Dendrochronology, curve matching and mathematics

Dendrochronology, curve matching and mathematics
by Lars-Åke Larsson

To make correct datings of samples taken from old logs you have to understand the basic methods used for crossdating.

103 tree rings from a Scotch pine log (NMBS05) cut in 1875

86 tree rings from another Scotch pine log (NMBS01) cut in 1875

These two pictures are taken from samples of the demolished house at Bergvik on the island of Nämdö. In real world these two samples are 21 centimetres and 16 centimetres long. They are taken out of two different logs in the house.

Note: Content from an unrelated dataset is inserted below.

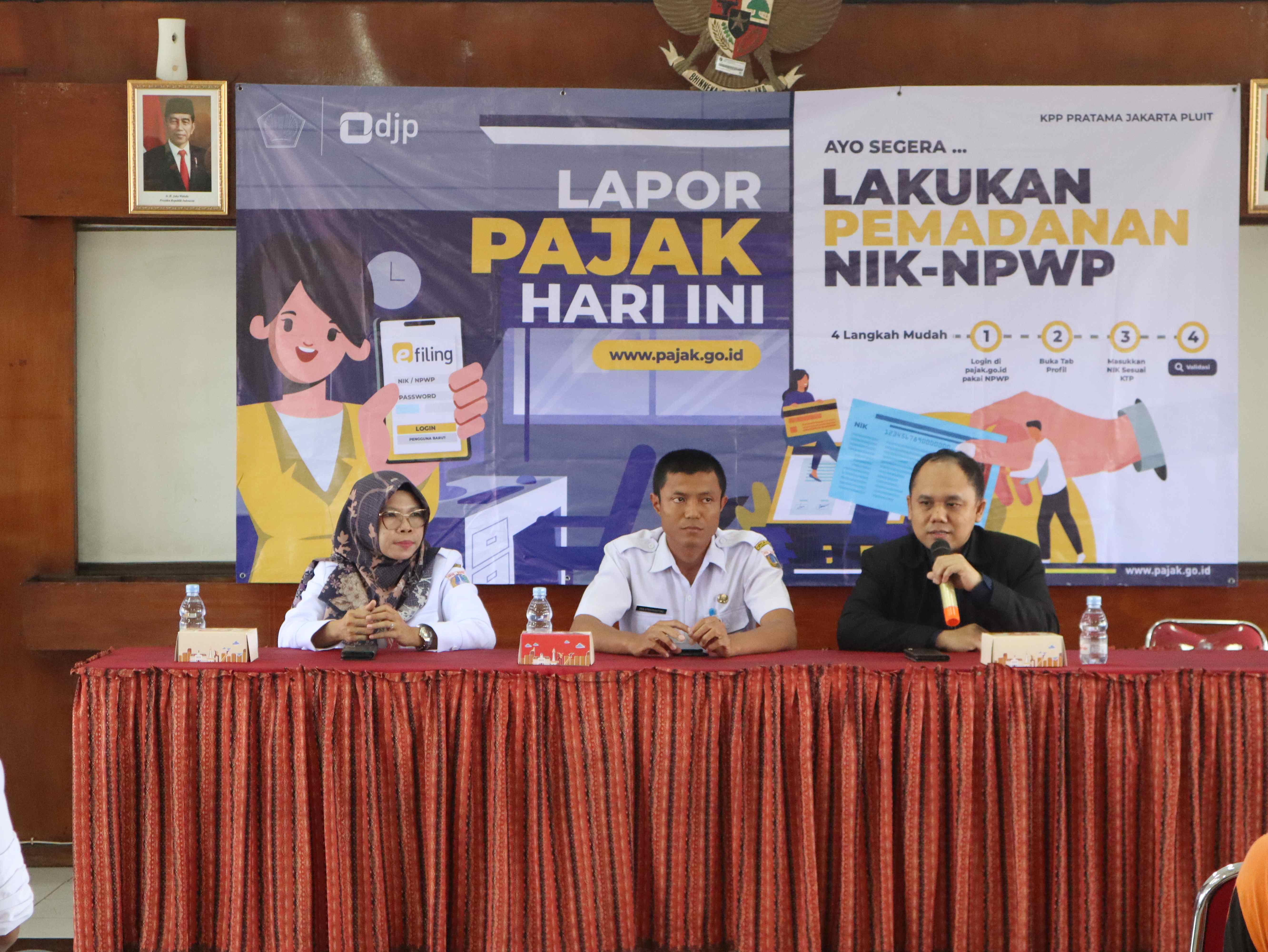 Sebagai upaya untuk meningkatkan kepatuhan wajib pajak, Tim Penyuluh Pajak Kantor Pelayanan Pajak (KPP) Pluit memudahkan pelaporan Surat Pemberitahuan (SPT) wajib pajak khususnya yang terdaftar di KPP Pluit, dengan mengadakan kegiatan sosialisasi sekaligus pojok pajak di Kantor Kelurahan Kamal Muara (Rabu, 6/3). Kegiatan diikuti 75 peserta diadakan selama 2 jam pukul 09.00 sampai 11.00 WIB. Peserta adalah pegawai Penanganan Prasaranan dan Sarana Umum (PPSU) serta staf Kelurahan Kamal Muara.

After grinding and polish these samples have been scanned on an office scanner in 600 dots per inch (dpi). In full resolution their images look like this on the screen.

Note: For this type of samples you will probably use a scanner resolution between 1600 and 2400 dpi, though in this case the 600 dpi resolution was good enough.

Plain ring width curves

This diagram shows the width of each tree ring in both samples. The years are plotted on the horizontal axis and the ringwidths on the vertical axis. If you compare the two curves carefully you will find that there are close points of similarity between them. Though the overall growth rates differ, the variation over time is similar. Bad and good years of growth are reflected at the same time in both curves.

Normalized curves
The red curve corresponds to the green curve in the plain ring widths diagram.

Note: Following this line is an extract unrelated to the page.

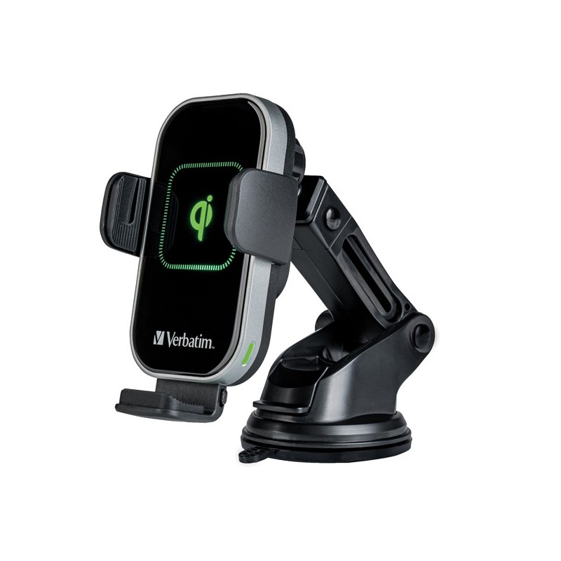 Caricabatterie wireless per auto Porta telefono a ricarica rapida di Verbatim che utilizza la tecnologia di ricarica wireless Qi ad alta velocita per fornire una ricarica sicura e veloce per il tuo Android o iPhone. Il supporto di ricarica di alta qualità consente di effettuare chiamate in vivavoce e di vedere comodamente le mappe GPS mentre si ricarica. Non appena si appoggia il telefono sul supporto, questo lo riconosce e chiude automaticamente i bracci laterali mantenendolo saldamente in posizione. Con una potenza di ricarica massima di 15W, può caricare anche attraverso custodie del telefono con uno spessore massimo di 4 mm.

As you saw in the ring width diagram, it was difficult to actually identify the similarities between the ring width curves. Therefore we have done some mathematics on the ring width values. In CDendro, we name this type of curve processing for a normalization of the curves.

With these normalized curves we then have curves which look much more similar than the plain ring width curves!

Dendrochronologists use various algorithms for the normalization. Two algorithms are named after their originators, i.e. Baillie/Pilcher and Hollstein. You can turn on these algorithms within the CDendro program, though the default algorithm of CDendro is "home brewed" and named "Proportion of last two years growth" (Prop2Yrs). It is indeed related to the other algorithms but in many cases found to be more efficient, i.e. it is somewhat better for finding the correct match (ref 1).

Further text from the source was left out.